На осень 1939 года планировалась поездка Гилельса - в составе большой группы музыкантов - в США. Гастроли подготавливались как ответственнейшее начинание, имеющее международное значение. Газеты сообщили: "…На 14–16 сентября намечается отъезд в Америку советских исполнителей, лауреатов всесоюзных и международных конкурсов Э. Гилельса, Я. Флиера, Д. Ойстраха, Л. Оборина, Л. Гилельс (правильнее было бы не "Л" - Лиза, а "Е" - Елизавета. - Г. Г.), М. Козолуповой, Д. Шафрана. Исполнители будут давать самостоятельные концерты. Кроме того, намечены их выступления группами по два–три человека. Предполагается, советские музыканты будут выступать в сопровождении симфонического оркестра под управлением виднейших дирижеров США… Гастрольная поездка продлится около двух месяцев…" Заметка называлась: "Советские музыканты едут в Америку".
Но все сорвалось: над Европой сгущались тучи Второй мировой войны.
Сороковые роковые
Обращение к современной музыке
Настало утро 22 июня 1941 года - катастрофа для многомиллионной страны. Жизнь переходит на военные рельсы.

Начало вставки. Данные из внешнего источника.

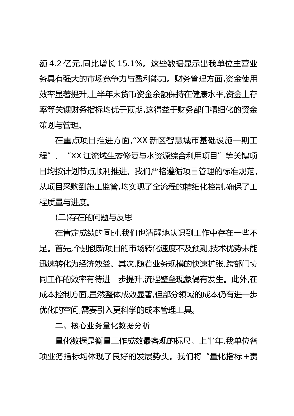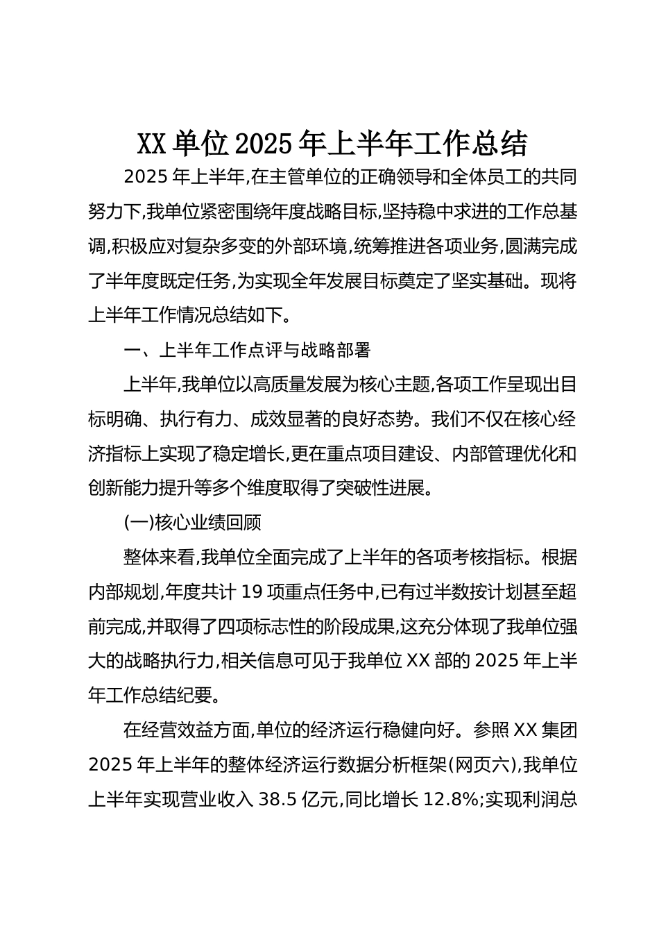 XX單位2025年上半年工作總結(jié)2025年上半年,在主管單位的正確領(lǐng)導(dǎo)和全體員工的共同努力下,我單位緊密圍繞年度戰(zhàn)略目標(biāo),堅(jiān)持穩(wěn)中求進(jìn)的工作總基調(diào),積極應(yīng)對(duì)復(fù)雜多變的外部環(huán)境,統(tǒng)籌推進(jìn)各項(xiàng)業(yè)務(wù),圓滿完成了半年度既定任務(wù),為實(shí)現(xiàn)全年發(fā)展目標(biāo)奠定了堅(jiān)實(shí)基礎(chǔ)?,F(xiàn)將上半年工作情況總結(jié)如下。一、上半年工作點(diǎn)評(píng)與戰(zhàn)略部署上半年,我單位以高質(zhì)量發(fā)展為核心主題,各項(xiàng)工作呈現(xiàn)出目標(biāo)明確、執(zhí)行有力、成效顯著的良好態(tài)勢(shì)。我們不僅在核心經(jīng)濟(jì)指標(biāo)上實(shí)現(xiàn)了穩(wěn)定增長(zhǎng),更在重點(diǎn)項(xiàng)目建設(shè)、內(nèi)部管理優(yōu)化和創(chuàng)新能力提升等多個(gè)維度取得了突破性進(jìn)展。(一)核心業(yè)績(jī)回顧整體來(lái)看,我單位全面...

Тому, кто помнит те дни, - не дано их забыть.
Первое побуждение Гилельса - пойти на фронт. И он, как и несметные тысячи людей, записывается добровольцем в народное ополчение. Лидия Фихтенгольц свидетельствует: "Они с моим братом ушли в ополчение в самые первые дни войны. От консерватории многие ушли. Тогда у всех был очень сильный патриотический настрой, и у них, конечно, тоже. Иначе они просто не могли поступить… Им сшили какие-то полотняные котомочки, и помню, как они, с этими котомочками через плечо, шли, удаляясь по улице, а мы с балкона смотрели, как они уходят вдвоем… Куда они попали, я не помню, но через две недели они вернулись. Это было, конечно, счастье! Кто-то распорядился, чтобы их вернули, что здесь они нужны больше". Да, государство проявило волю и решимость не рисковать своим "золотым фондом", вопреки всему сохранить его.
Сталин сказал о Гилельсе: "Вот настоящий герой". Если можно так выразиться, с подачи вождя он вступает в партию; он был вместе со своим народом в час страшных испытаний.
Он продолжает делать то, что делал всегда, - играет там, где его ждут и хотят слышать; его деятельность наполняется новым смыслом; выступления проходят в госпиталях и воинских подразделениях; он выезжает на передовые позиции. Иван Семенович Козловский вспоминал, как рояль Гилельса стоял на двух грузовиках. Весь мир обошли кадры кинохроники, где его слушают - с какой "отдачей"! - летчики на прифронтовом аэродроме и самолеты жужжат над головой.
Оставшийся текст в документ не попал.